Probably the last major use of a Lydecker rig was the movie '1941', used for many of the flying shots over Los Angeles .

I believe the Lydeckers came up with the rig while working on Serials such as Commando Cody and the like.


----------



## woof359 (Apr 27, 2003)

ouch !!
http://cgi.ebay.com/Irwin-Allen-Tel...M?hash=item3a51efe9dc&_trksid=p3286.m63.l1177


----------



## Fernando Mureb (Nov 12, 2006)

Woof
Is there any picture you can't find?


----------



## woof359 (Apr 27, 2003)

back in 98 when we got our first computer i took a wild chance and serched, heck i never thought any one else in the universe even saw the show LIS, man was i surprised. over the years I learned a lot of info and where to look for it. The Enterprise is cool but it never has come close to the fly saucer they used in LIS, it wasnt alien, it was ours !!!


----------



## toyroy (Jul 17, 2005)

woof359 said:


> ouch !!
> http://cgi.ebay.com/Irwin-Allen-Tel...M?hash=item3a51efe9dc&_trksid=p3286.m63.l1177


Did any of the Marx brothers show up on any Irwin Allen TV series?


----------



## geminibuildups (Apr 22, 2005)

Groucho was a very good friend of Irwin Allen and was one of the financial backers of Lost in Space. None of the Marx Brothers appeared in the TV series ---- but Groucho, Harpo and Chico appeared in Irwin Allen's 1957 film, The Story Of Mankind.

Geminibuildups
www.geminibuildupstudios.com


----------



## toyroy (Jul 17, 2005)

jbond said:


> ...the Lydecker's created a method that allowed models to slide along, and be controlled by, wires for HORIZONTAL flight...

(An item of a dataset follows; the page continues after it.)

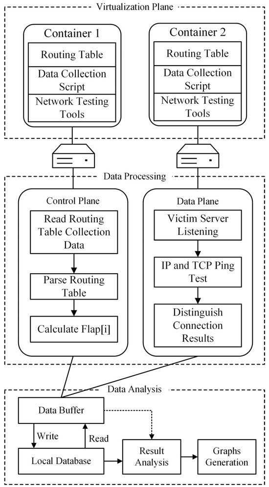 To measure the security defense effect of the RPKI and conduct a security analysis under partially deployed conditions, this paper designs and implements a data acquisition and analysis technique as illustrated in Figure 4. This technique injects the data collection scripts into the targeted virtual nodes to perform accessibility tests at both the control plane and data plane levels, thereby measuring the route propagation that occurs after an attack. For the post attack results, we collect critical data in the following two aspects:
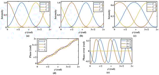 where can be also regarded as the amplitude of the -th harmonic, and . Clearly, the average fringe patterns described by Equation (13) have a similar Fourier series form as the distorted fringe patterns described by Equation (4). As illustrated in Figure 2c, the average fringe patterns have an approximate sinusoidal waveform. If we continue to use three-step phase-shifting algorithm to compute the wrapped phase, the nonlinear phase error can be approximated as:

For some reason, I always pictured their models sliding on the control lines. Now, I think both lines were _attached_ to the models. The feed reels would have had adjustable friction brakes, and the take-up reels would've been cranked by hand or motor, as needed for the particular shot.


----------



## Steve H (Feb 8, 2009)

woof359 said:


> ouch !!
> http://cgi.ebay.com/Irwin-Allen-Tel...M?hash=item3a51efe9dc&_trksid=p3286.m63.l1177



It's available from Amazon.co.uk for a few pounds less.

http://www.amazon.co.uk/Irwin-Allen...=sr_1_3?ie=UTF8&s=books&qid=1252698197&sr=1-3

As is the case of all outside of the US Amazon sites, postage is gonna hurt.

Main reason why I put the link in is to give folks the ISBN and such so if you have a preferred book search service you can take a shot there.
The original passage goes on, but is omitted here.